Overcoming a Parent’s Guilt: Parental Self-Care and the Bible

~by Horace McMillon

“Train up a child in the path of the Lord and when s/he is old s/he will not depart from it.” Coming up in the African American Church at the time I did, this was one of the go-to verses that nearly everyone had memorized and was often quoted. I believe at the verse’s best and highest use it is a declaration of hope. That if we just stay with it and train our child up in the Lord, somehow, someway we can trust that everything will turn out alright in the end one day, if not immediately. For many parents going through difficult times with their children this verse has no doubt been an encouragement to them to hang on and hang in. Redemption is on the way. Unfortunately, I am not one who falls into that group of parents. I am part of the group that often feels that verse as more of an accusation than declaration. So many of us hear the verse this way: ‘If your child is acting up or not on the right path, you have clearly not raised him/her right. Children that are raised right, do right.’ I don’t believe one needs to have grown up with this verse to know the guilt of parenthood. Having children and raising a family is the biggest endeavor most of us ever take on. We pour our all into it. When things don’t go right, or are children hurt or struggle, or when our children hurt others, we can help but blame ourselves. I should have… I wish I had… I wish I hadn’t. I don’t know what else I could or could have done.

Just a few days ago, my mother talked about her guilt. (This surprised me a little bit because none of us have ever been in serious trouble and are leading full and productive lives.) It turns out that she and her peers, who are now in their late 70s and 80s, often feel regret for the ways things have turned out. They think of the efforts they made in civil rights, in integration and desegregation. They think of the way they struggle to give their children the things they never had, to open up opportunities they were not yet able to even dream of. They think of all the blood, sweat, and tears they put into raising my generation. And they, many of them, feel no small measure of guilt at the way things have turned out for their children, grandchildren, and great grandchildren. My mother is able to comfort herself in two ways. When she looks at us, we did not come out quite as she had hoped. But we did come out ok. The next piece of advice my mother passed on to me about her and her generation’s dealing with guilt is this: When it’s all said and done she and they know they did they best they knew how to do in that time and under those circumstances. Therefore there is no reason for guilt.

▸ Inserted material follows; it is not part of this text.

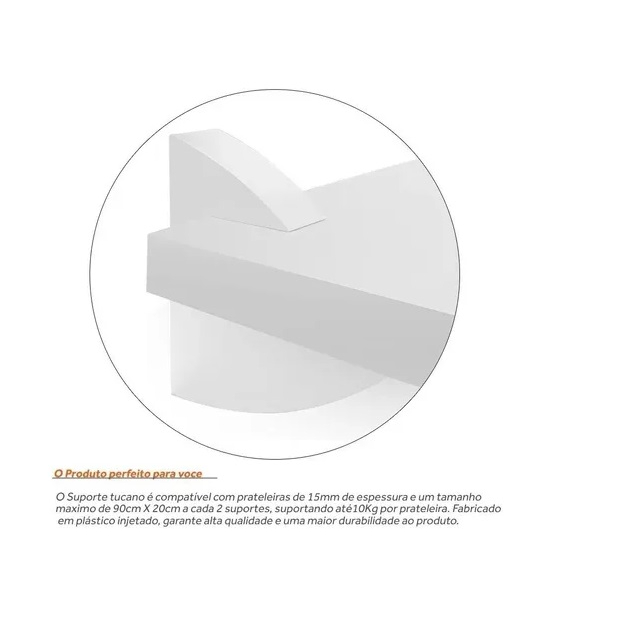kit 06 Suportes Bico de Tucano para Prateleiras MDF 15mm de espessura cor Branco

My mother knows how I am sometimes hard on myself and my wife and our parenting efforts. She knows how hard she and her friends have been on themselves as well. She and they now content themselves with the reflection that they did in their time and under their circumstances. Even more generously, though I know we have not raised our children as she would have, my mother pointed out that Monique and I can really say that we are doing everything we can and know to raise healthy and well-adjusted children into adults. There is no reason for guilt. Our best effort, in light of the totality of our circumstances, is the best any of us have to give. So now instead of leaning on the “Train up a child” passage, which more and more I believe was a declaration of hope rather than a statement of fact, I lean more on another phrase that was popular when I was coming up: “Let go, and let God.” In other words, we do the best we can with our children. We trust them to the care of a loving God who will never leave or forsake them, even should they chose to make their beds in the place of the dead. This is how I release my guilt. I do the best I can and trust the rest to the care of a loving God. In the meantime I hope that I will be able to say as my mother says now, “They may not have turned out exactly as I hoped, but they did turn out ok.”